Il a dû faire face, dans les deux cas, à la malhonnêteté des
colons, à l'horreur de la recherche du profit à tout prix, quitte à
aller jusqu'au mensonge pour gagner toujours plus d'argent... Durant
sa vie de diplomate, Roger Casement n'a eu de cesse de dénoncer ces
abus.
Mais ce côté
brillant du personnage cache aussi une face sombre, obscure, comme
chez nombre d'êtres humains (tous ?). Roger Casement, Irlandais par
sa mère, n'a pu s'empêcher de comparer le joug qui pesait sur les
épaules des Congolais et des indiens du Pérou avec celui qui se
trouvait sur celles des Irlandais dans l'Empire Britannique. De là
sa volonté de tout faire pour obtenir l'indépendance de l'Irlande,
allant jusqu'à pactiser avec l'Allemagne, l'ennemie de l'ennemi...
Par
ailleurs, les adversaires de Roger Casement n'ont pas un instant
hésité à utiliser contre lui certains traits de sa personnalité
totalement inacceptables à l'époque pour ajouter encore au
discrédit qui pesait sur lui, le coupant progressivement de ses
amis, de ses alliés, sapant la confiance qui le liait à eux et lui
permettait d'avoir encore un espoir de voir sa peine commuée.
J'ai eu du
mal à lire ce livre. Non pas à cause de la manière dont il est
écrit, au contraire : il est passionnant, haletant, magnifiquement bien écrit, ne laissant
aucun répit au lecteur. Le récit est construit sur une alternance entre le présent de Roger Casement (sa détention durant laquelle il attend la décision concernant sa peine et son exécution) et son passé, au Congo, en Amazonie puis en Irlande. Seulement, les faits décrits sont pour beaucoup
absolument abjects, honteux, horribles, et m'ont demandé parfois du
temps pour être digérés. La personnalité de Roger Casement est
complexe, ses ambiguïtés nombreuses, rendant le personnage à la
fois attachant et foncièrement humain. Et le talent de Mario Vargas
Llosa est immense de parvenir ici à décrire ce personnage, à
raconter sa vie, ses sentiments, ses troubles, avec tant de verve et
d'apparente facilité. On est là entre le roman et la biographie,
c'est un ouvrage qui se lit très bien mais qui
nécessite d'être digéré. C'est une lecture exigeante, qui se mérite et a besoin de décanter. D'ailleurs, j'ai terminé ma lecture il
y a déjà quelques jours, et contrairement à mon habitude, j'ai
d'abord eu besoin de prendre du recul et de lire autre chose avant de
pouvoir écrire le moindre mot au sujet de ce livre.
Je ne peux
donc que remercier Ys de m'avoir permis, grâce à son challenge
incroyable, de découvrir ce grand auteur qu'est Mario Vargas Llosa.

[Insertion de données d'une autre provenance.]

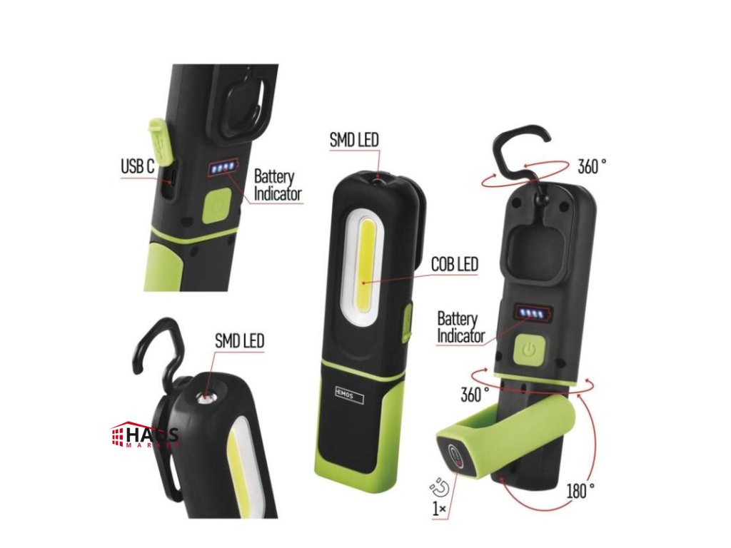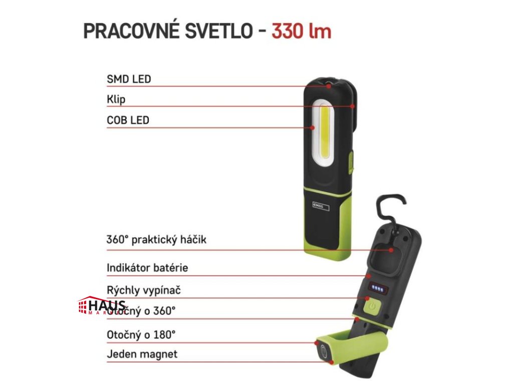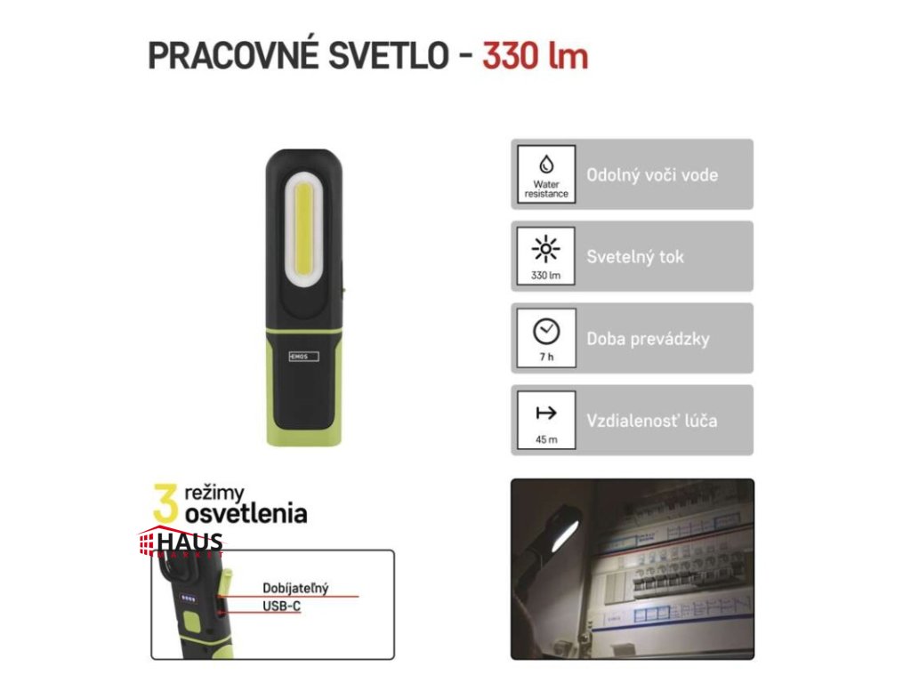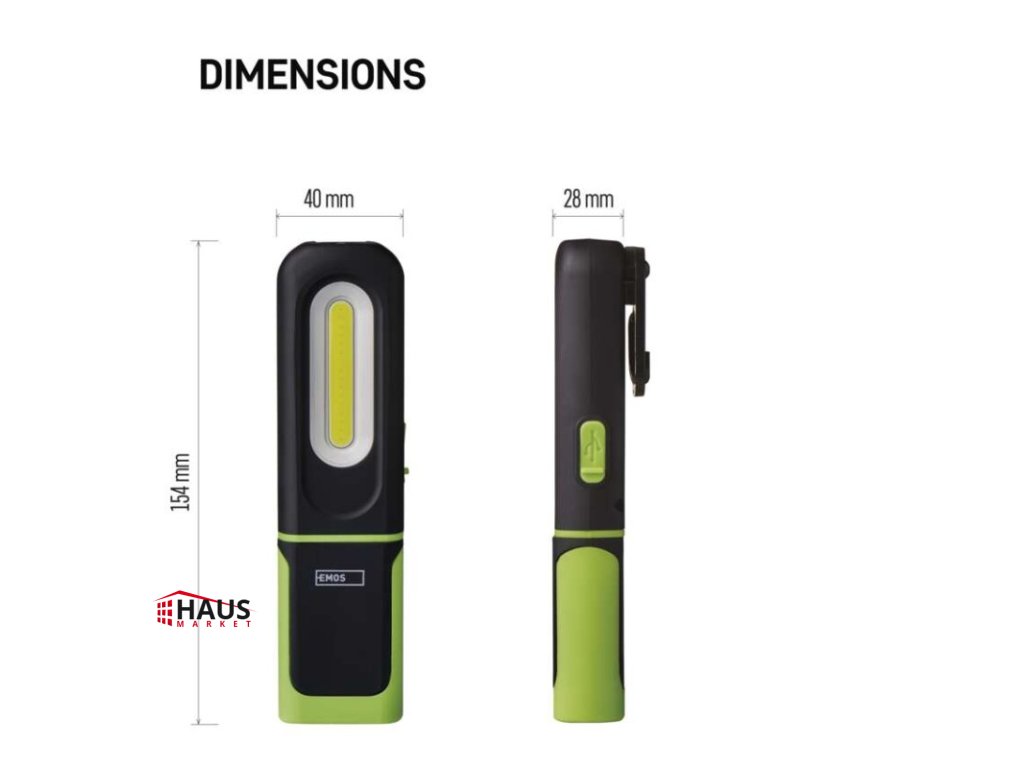 batérie súčasťou balenia: áno|doba nabíjania: 2–4 h|doba svietenia: 3–7 h|doba svietenia detail: COB LED 100 % – 3 h, COB LED 33 % – 5,5 h, SMD LED 100 % – 7 h|dosvit: COB LED 100 % – 25 m, COB LED 33 % – 15 m, SMD LED 100 % – 45 m|farba: zeleno-čierná|fokus: nie|hmotnosť: 110 g|LED indikácia nabíjania: áno|LED indikácia stavu akumulátora: áno|materiál: ABS plast + guma|maximálny dosvit: 45 m|maximálny svetelný tok: 330 lm|nabíjací: áno|napájanie: Li-Ion|nárazuvzdornosť: áno|počet režimov svietenia: 3|predajný obal: 1 ks, krabica|príslušenstvo: USB kábel|režimy: COB LED 100 %, COB LED 33 %, SMD LED 100 %|rozmer: 41 × 29 × 154 mm|špeciálna funkcia: funkcia rýchleho vypnutia, funkcia ochrany batérie|svetelný tok: COB LED 100 % – 330 lm, COB LED 33 % – 100 lm, SMD LED 100 % – 60 lm|typ batérie: 1 200 mAh/3,7 V|typ napájacieho konektoru: USB C|vodeodolná: áno (IP43)|vybavenie: otočná naklápacie rukoväť, 1× klip, 1× magnet, 1× hák|záručná doba: 2 roky|zdroj svetla: COB LED + SMD LED|značka: EMOSDodatočné parametre

Je ne connaissais absolument pas cet écrivain, et ce challenge aura
été une excellente occasion ! (euh... je suis loin, mais alors
très, très loin, de l'objectif du challenge ! Je crois que j'ai été
très, très ambitieuse, là !)
Paru aux
éditions Gallimard (Du monde entier), 2011. ISBN :
978-2-07-013289-8.
Bravo et merci pour ta participation. J'espère que ça ne sera pas la seule, mais si ça l'est, je suis vraiment ravie que ce soit avec cet auteur, un de mes favoris, et ce livre que j'ai vraiment apprécié. J'espère en tout cas que les participations des autres challengeurs te donneront envie de découvrir d'autres titres parmi ces 144 !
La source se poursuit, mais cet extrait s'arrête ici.